Write and read operations of the conventional memory cells of FIG. 4 will now be described in greater detail.
In conventional write operation of the memory cells MC of FIG. 4, the memory cells MC may use an accumulation of a number of holes, which may be the majority carrier in the floating body of the NMOS transistor which may constitute the memory cell MC. For the write operation, a ground voltage may be applied to the common source line SL, a positive voltage of a first voltage level may be applied to the word line, and a positive voltage of a second voltage level may be applied to the bit line. A relatively large number of electron-hole pairs may be generated around the drain of the NMOS transistor by impact ionization. Of the electron-hole pairs, the electrons may be absorbed to the drain, and the holes may be stored in the floating body, such that the first logic level (e.g., a higher logic level or logic “1”) may be written. Alternatively, if a positive voltage of the first voltage level is applied to the word line and a negative voltage of a third voltage level is applied to the bit line, the floating body and the drain may be forward-biased, and a majority of the holes stored in the floating body may be discharged to the drain, such that the second logic level (e.g., a lower logic level or logic “0”) may be written. A threshold voltage of the NMOS transistor may be reduced if the first logic level is stored, whereas the threshold voltage of the NMOS transistor may be raised if the second logic level is stored. Thus, the threshold voltage of the NMOS transistor storing the first logic level (e.g., a higher logic level or logic “1”) may be lower than the threshold voltage of the NMOS transistor storing the second logic level (e.g., a lower logic level or logic “0”). Accordingly, data may be read based on the threshold voltage of the NMOS transistor during a read operation.
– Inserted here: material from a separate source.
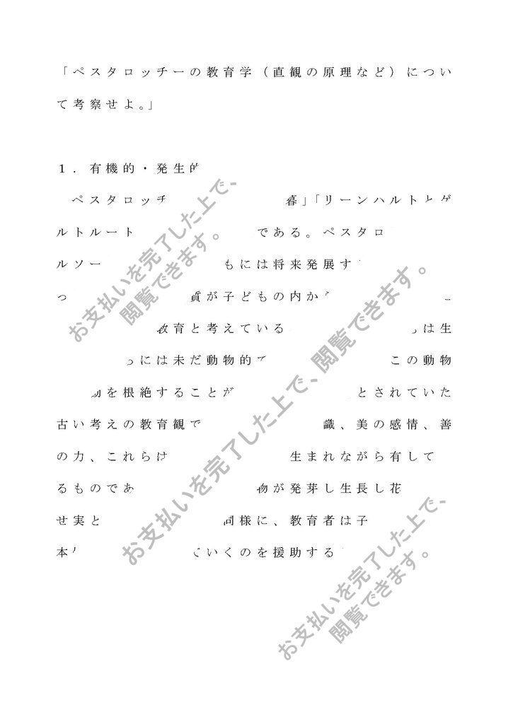 「ペスタロッチーの教育学(直観の原理など)について考察せよ。」

In conventional operation of the memory cells MC of FIG. 4, after the write operation, a negative voltage may be applied to the word line to maintain a state of the threshold voltage of the NMOS transistor storing the first logic level (e.g., a higher logic level or logic “1”). A read operation may thereafter be performed in the data maintaining state.
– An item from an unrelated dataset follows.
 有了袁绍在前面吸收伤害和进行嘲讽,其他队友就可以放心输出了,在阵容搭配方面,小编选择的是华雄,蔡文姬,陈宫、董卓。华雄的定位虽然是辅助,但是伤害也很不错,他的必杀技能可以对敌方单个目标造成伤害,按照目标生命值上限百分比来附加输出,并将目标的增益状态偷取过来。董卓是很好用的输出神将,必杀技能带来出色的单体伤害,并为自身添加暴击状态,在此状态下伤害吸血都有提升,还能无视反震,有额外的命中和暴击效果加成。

In conventional read operation of the memory cells MC of FIG. 4, a ground voltage may be applied to the common source line SL, and a voltage between a threshold voltage of the NMOS transistor corresponding to the first logic level and the second logic level may be applied to the word line. An electric current need not flow through the NMOS transistor storing the second logic level, but an electric current may flow through the NMOS transistor storing the first logic level. Thus, if the NMOS transistor stores a threshold voltage corresponding to the second logic level, there may be substantially no electric current change in the bit line connected to the NMOS transistor, and there may be at least some electric current adjustment occurring in the bit line connected to the NMOS transistor if the NMOS transistor is storing the first logic level. Thus, the first and second logic levels may be interpreted based upon a detection of whether or not an electric current fluctuation of the bit line.
As described above, conventional semiconductor memory devices may perform write and read operations by adjusting a level of the voltage applied to the word line and a level of the voltage applied to the bit line, to be set to the positive or negative level, while a ground voltage may be applied to the common source line SL.